En mai 2002, le pilote du Lancair Columbia N142LC avait tenté la traversée sans escale, de New York au Bourget. Sur cette machine rapide et confortable, modifiée pour l’occasion, il ne lui avait fallu qu’une grosse douzaine d’heures de vol. Erik Lindbergh, célébrait alors les 75 ans de l’exploit de son grand-père en effectuant ce qui reste une très belle performance aéronautique.

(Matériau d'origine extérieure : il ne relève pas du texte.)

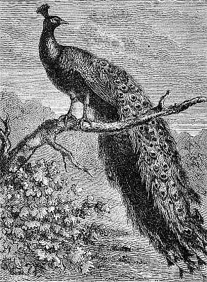 10. About the size of the turkey, the form of the peacock is lithe and graceful; and it carries a train longer than his body, covered with gauzy feathers of green, gold, bronze, and blue, all blended into the brightest and richest hues, as he raises and spreads and turns his tail to the sunlight. The eyes in the feathers of this overskirt are like those of the peacock-butterfly, which boys catch with their hats in summer-time. The peacock has been known to live as many as a hundred years.
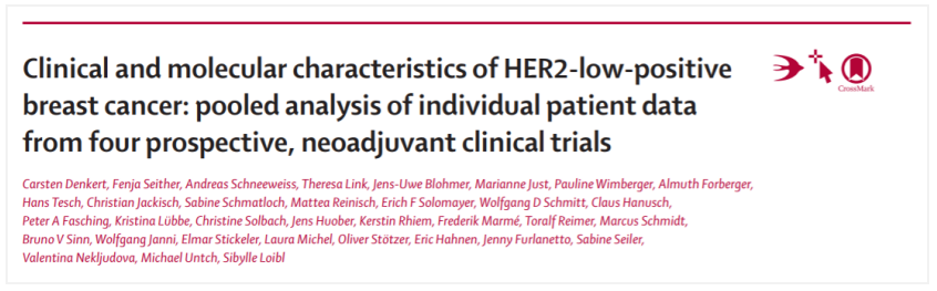 尽管抗HER2治疗极大改善了HER2阳性乳腺癌患者的预后,但仍有很大一部分HER2低表达患者并未从抗HER2治疗中显著获益。为了进一步描述这种新的乳腺癌亚型的特征,2021年7月9日,柳叶刀肿瘤学分册(Lancet Oncol.)发表的一项研究比较了HER2低表达(HER2-low-positive)和HER2零表达(HER2-zero)乳腺癌的临床和分子特征,包括对新辅助治疗的反应和预后[3]
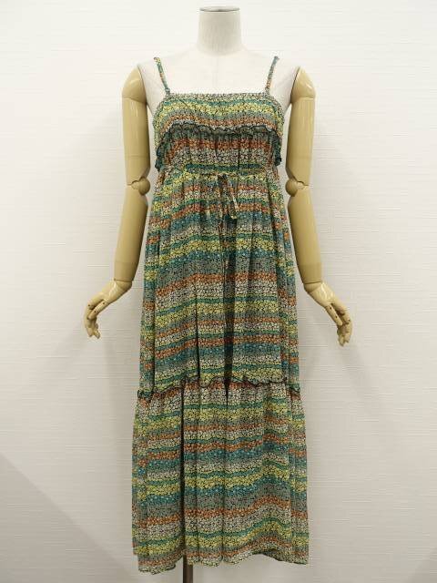 > 美品 エージーバイアクアガール AG by aquagirl ロング丈 シフォンキャミソールワンピース M 黒地 黄×オレンジ×緑×グレー 花柄
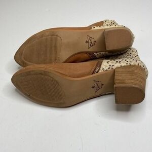 Very nice Anthropologie Miss Albright Tan and Cream Filigree Ankle Bootie size 10M. Small scuffs from general wear. No material tag available. Good overall condition. See photos for additional details.
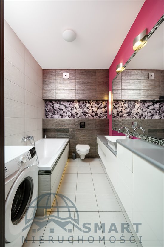 łazienki z ubikacją. Łazienka wyposażona w wannę, pralkę, zlew i półki w zabudowie,
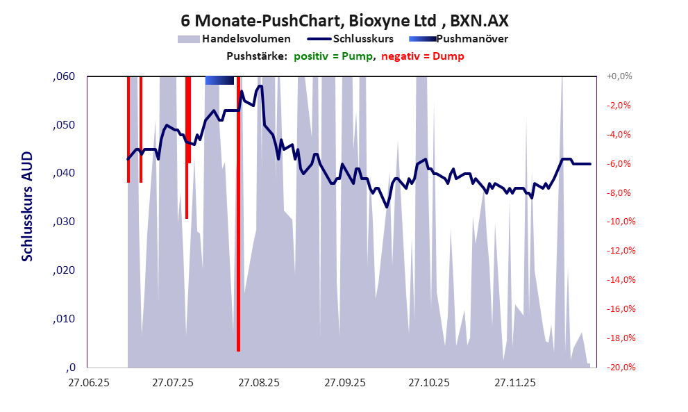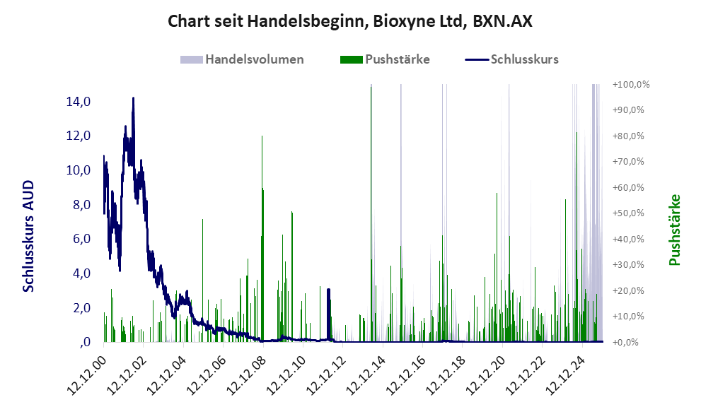Bei dieser Aktie liegt das „Inkassomodell“ vor, bei dem der Aktienkurs zu Beginn der Geschichte sein Allzeithoch hat. Die Akteure verkaufen schon zu Beginn nach und nach ihre billigst erworbenen Aktien, so dass der Kurs in verhältnismäßig kurzer Zeit abstürzt. Danach dümpelt der Aktienkurs in den meistn Fällen nahe null dahin und die Aktie dient nur noch kleineren, dennoch gewinnbringenden Pushmanövern und in vielen Fällen dem Algotrading. Dem ersten Einbruch nachfolgende größere Pushmanöver sind aber nicht ausgeschlossen.
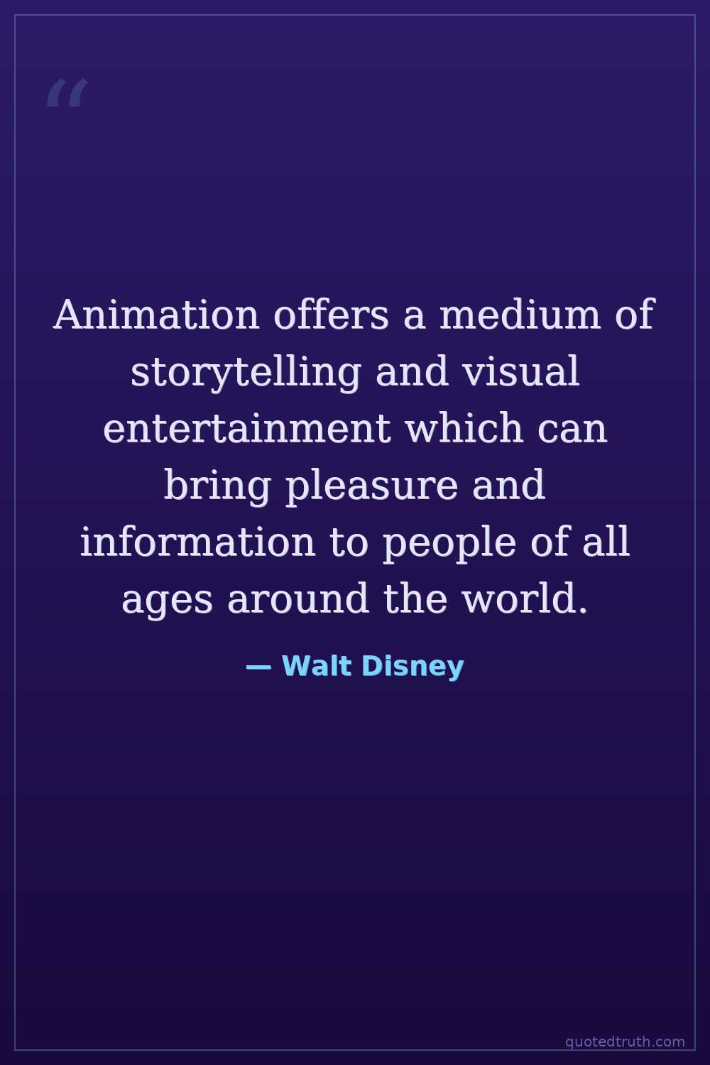 Animation offers a medium of storytelling and visual entertainment which can bring pleasure and information to people of all ages around the world.
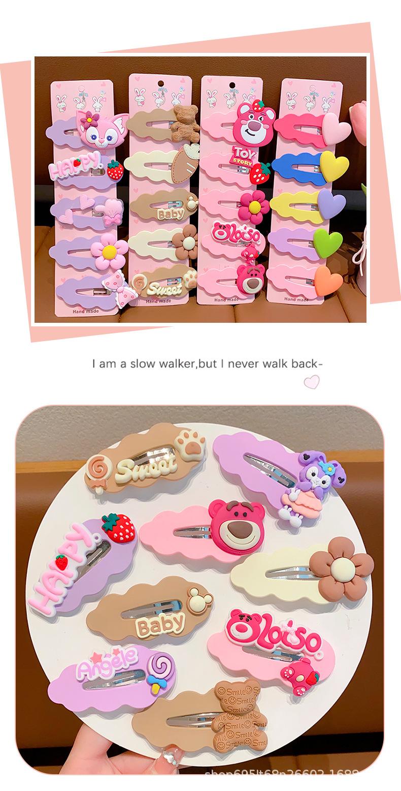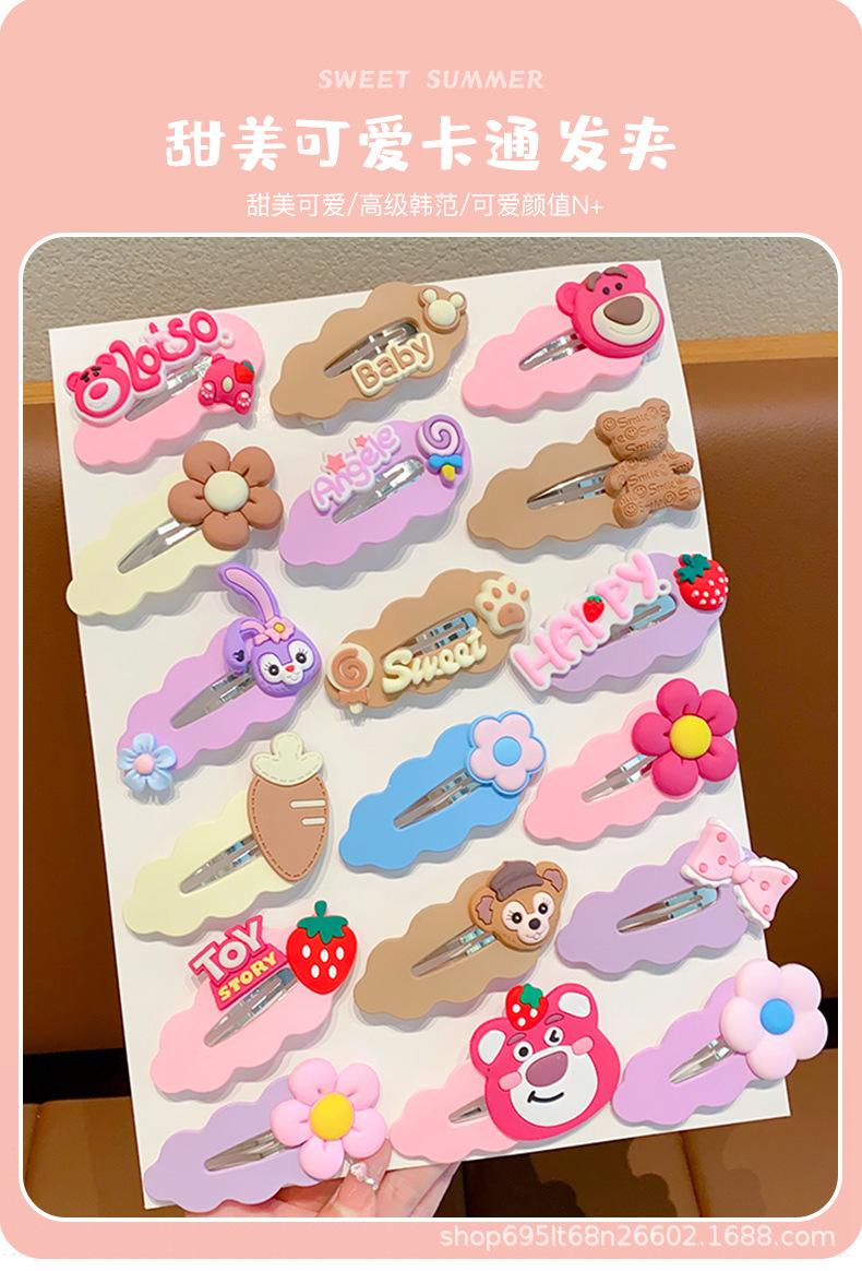 Horquilla rota para niños, linda horquilla de dibujos animados de oso de fresa, horquilla para niñas, pinza lateral para bebé, pinza para flequillo para niña pequeña
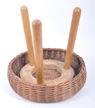 Tony Paul - A retro 20th century 1960s milking stool. The foot stool having a circular basket weave wicker seat raised on turned splayed beech supports. Wear commensurate with age, mostly to bottom of the legs, overall good. Measures approx. 33cm x 35cm diameter.
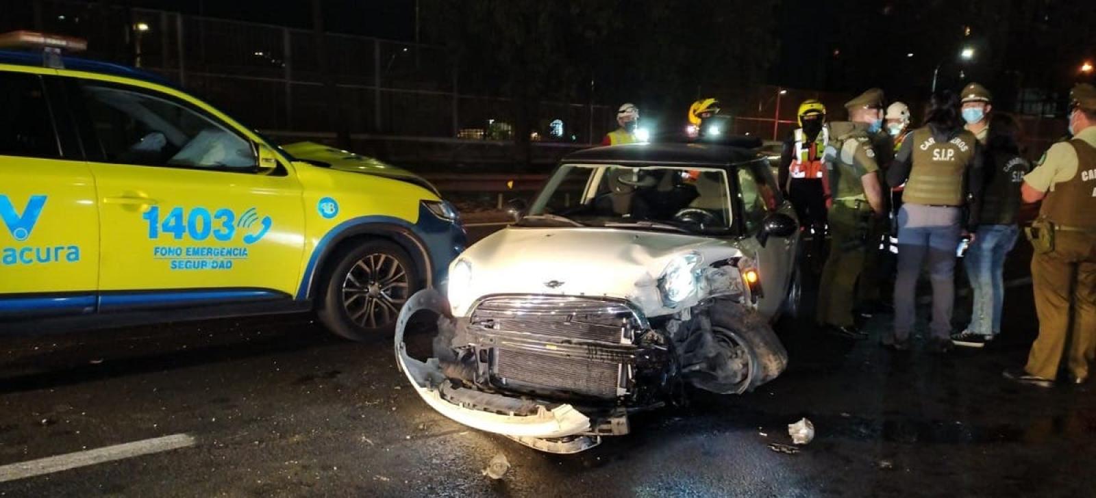 Bajaron por la Autopista Vespucio Norte y la Autopista Central, donde los ladrones colisionaron el vehículo sustraído contra uno de Seguridad Ciudadana a la altura de la Universidad Bernardo O'Higgins.

Même si l’art aéronautique a fait d’incommensurables progrès, que les moteurs sont plus puissants, plus fiables, que les outils de navigation sont plus précis, sans oublier l’art météorologique, traverser l’Atlantique, même avec escales, reste un exploit lorsqu’on le tente avec un avion léger et en particulier sur un monomoteur. Or que ce soit pour livrer un avion neuf ou de seconde main d’un continent à l’autre ou par simple goût du voyage et de l’aventure, de nombreux avions légers, même des hélicoptères parfois, ont ainsi fait la grande traversée. C’est un vol qui se prépare bien et qui se vit intensément car il n’est pas sans danger.
Si, 90 ans plus tard, rééditer ce voyage n’a rien d’anodin, c’est rappeler à quel point le vol de Lindbergh en 1927 était périlleux, hasardeux, presque suicidaire. Et pourtant, il est arrivé sain et sauf à sa destination. C’est bien à cela que l’exploit se mesure.